2013-03-06  Andreas Kling  <akling@apple.com>

        Unused Structure property tables waste 14MB on Membuster.
        <http://webkit.org/b/110854>
        <rdar://problem/13292104>

        Reviewed by Geoffrey Garen.

        Turn PropertyTable into a GC object and have Structure drop unpinned tables when marking.
        14 MB progression on Membuster3.

        This time it should stick; I've been through all the tests with COLLECT_ON_EVERY_ALLOCATION.
        The issue with the last version was that Structure::m_offset could be used uninitialized
        when re-materializing a previously GC'd property table, causing some sanity checks to fail.

        * CMakeLists.txt:
        * GNUmakefile.list.am:
        * JavaScriptCore.gypi:
        * JavaScriptCore.vcxproj/JavaScriptCore.vcxproj:
        * JavaScriptCore.xcodeproj/project.pbxproj:
        * Target.pri:

            Added PropertyTable.cpp.

        * runtime/PropertyTable.cpp: Added.
        (JSC::PropertyTable::create):
        (JSC::PropertyTable::clone):
        (JSC::PropertyTable::PropertyTable):
        (JSC::PropertyTable::destroy):
        (JSC::PropertyTable::~PropertyTable):
        (JSC::PropertyTable::visitChildren):

            Moved marking of property table values here from Structure::visitChildren().

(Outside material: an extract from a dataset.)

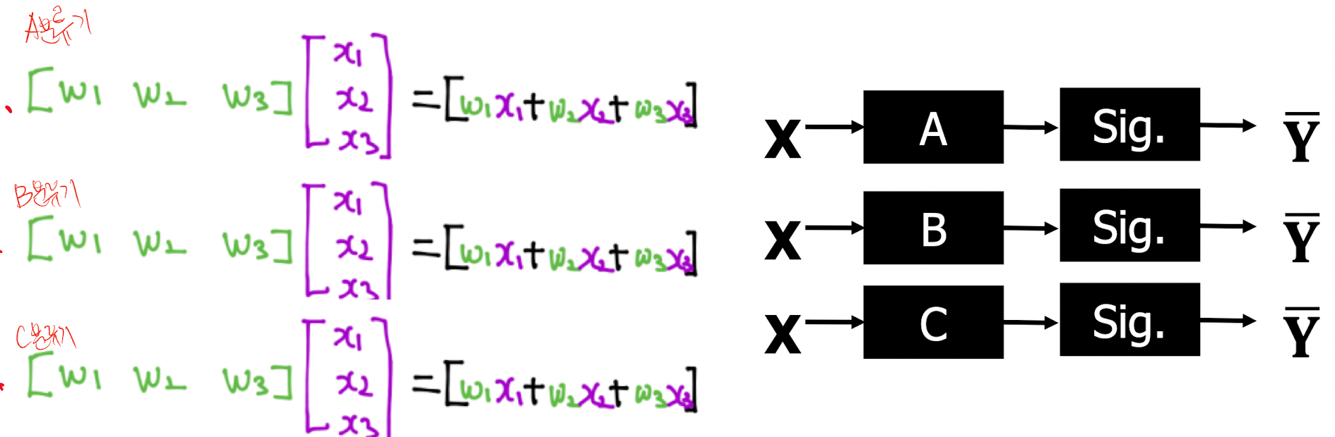 Multi-calss classificaiton은 binary classification을 사용해서 해결 할 수 있다. binary classification는 A / B 로 나눴던 분류방식을 A / not A이와 같이 생각하면 된다. 즉 우리가 A, B, C 세가지를 분류해야 한다면, 3번의 binary classification을 거치면 된다. 3번의 질문을 통해서 해결 할 수 있을 것이다. C를 찾아야 한다면 C에 대해서 A를 판정하는 질문을 던지면 A / or not , B / or not , C / or not이라는 세 질문에 대해서 or not, or not C라는 대답을 통해서 C임을 알 수 있을 것이다.

        * runtime/WriteBarrier.h:
        (JSC::WriteBarrierBase::get):

            Move m_cell to a local before using it multiple times. This avoids a multiple-access race when
            Structure::checkOffsetConsistency() is used in assertions on the main thread while a marking thread
            zaps the property table.

        * runtime/Structure.h:
        (JSC::Structure::materializePropertyMapIfNecessary):
        (JSC::Structure::materializePropertyMapIfNecessaryForPinning):
        * runtime/StructureInlines.h:
        (JSC::Structure::propertyTable):

            Added a getter for the Structure's PropertyTable that ASSERTs GC currently isn't active.
            Because GC can zap an unpinned property table at any time, it's not entirely safe to access it.
            Renamed the variable itself to m_propertyTableUnsafe to force call sites into explaining themselves.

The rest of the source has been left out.